Agli attentati contro chiese e cristiani nel mondo islamico, alle conversioni forzate delle studentesse nigeriane, la cronaca di questi giorni ha ricondotto il caso della condanna a morte di Meriam. Un caso non isolato, dunque, intricato ma esemplare allo stesso tempo.

Una donna di famiglia musulmana, condannata a morte perché sposa di un cristiano sudanese, anche se cittadino americano. Più che il rifiuto di una famiglia mista, per religione e cittadinanza, o un ipotetico atteggiamento persecutorio, in questo caso è il diritto islamico che interviene in una questione spesso sottaciuta, ma latente e destinata a ripresentarsi.

Per il diritto islamico la donna musulmana può sposare solo musulmani, mentre l’uomo può contrarre matrimonio anche con altre donne, ad esempio ebree o cristiane. Frutto di una prescrizione nata quando i musulmani erano una piccola minoranza nei territori conquistati fuori dall’Arabia, il divieto nasceva dalla considerazione che una donna musulmana sposata a un cristiano o a un ebreo era perduta alla piccola comunità dei credenti. Così del resto fu per le prime generazione che seguirono Maometto e che conquistarono un territorio immenso.

Con il passar del tempo, però, divenuto l’Islam religione di maggioranza e imperiale, tale proibizione ha assunto connotazioni di esclusivismo religioso, anche se le punizioni previste a chi infrangeva questo divieto sono state raramente eseguite.
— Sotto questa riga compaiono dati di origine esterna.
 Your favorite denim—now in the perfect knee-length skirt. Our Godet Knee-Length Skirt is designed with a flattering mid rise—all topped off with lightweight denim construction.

È solo negli ultimi decenni che la questione sta tornando di grande attualità. Con milioni di musulmani in occidente, e spinte verso processi di laicizzazione, i matrimoni misti sono sempre più frequenti, anche tra musulmane e uomini non musulmani. Voluta indifferenza o silenzi più che giustificati li accompagnano, ma sono silenzi che non possono cancellare il problema giuridico.
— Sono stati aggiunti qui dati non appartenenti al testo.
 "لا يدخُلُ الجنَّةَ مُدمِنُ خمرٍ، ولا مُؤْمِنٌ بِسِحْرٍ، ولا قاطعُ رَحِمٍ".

Nella maggior parte dei casi il contenzioso è evitato con conversioni fittizie dei mariti, oppure si perde quasi del tutto nei matrimoni di potenti o personaggi famosi per cui l’appartenenza all’islam passa quasi in secondo piano. È il caso, più recente, della nuova compagna di George Clooney, la drusa Amal Alamuddin, la cui storia ha raccolto qualche critica in tal senso.

Qualche pallido tentativo di affrontare il problema c’è, ma si scontra con realtà nei Paesi musulmani attraversate dal caso di Meriam o dall’approfondirsi degli steccati confessionali. Le discussioni giuridiche dei musulmani europei hanno dato origine al cosiddetto «diritto delle minoranze islamiche», che cerca appunto di ridiscutere prescrizioni e doveri dei musulmani in società in cui non vige la legge islamica. La questione dei matrimoni «misti» è sicuramente una delle più importanti e spinose che attendono una risposta. Tale realtà sollecita infatti l’Islam nel suo complesso, ma soprattutto i musulmani europei.
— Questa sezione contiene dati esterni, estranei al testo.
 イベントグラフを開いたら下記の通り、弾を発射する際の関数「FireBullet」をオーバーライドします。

Silenzi e sottovalutazioni non possono nascondere il fatto che il divieto tradizionale rappresenta un ostacolo sulla strada di future integrazioni e tocca sul vivo il rapporto dei musulmani emigrati con i loro Paesi di origine. Sollecita e mette alla prova le interpretazioni legali conservatrici, come tante prescrizioni che toccano il mondo femminile.

Ma interroga anche laici e musulmani più integrati, perché sanno che su questo tema, insieme a pochi altri, si misurerà la capacità di riforma degli stessi musulmani, e la loro volontà di incidere nel dibattito religioso e giuridico, oltre che di misurarsi con la realtà non islamica in cui vivono.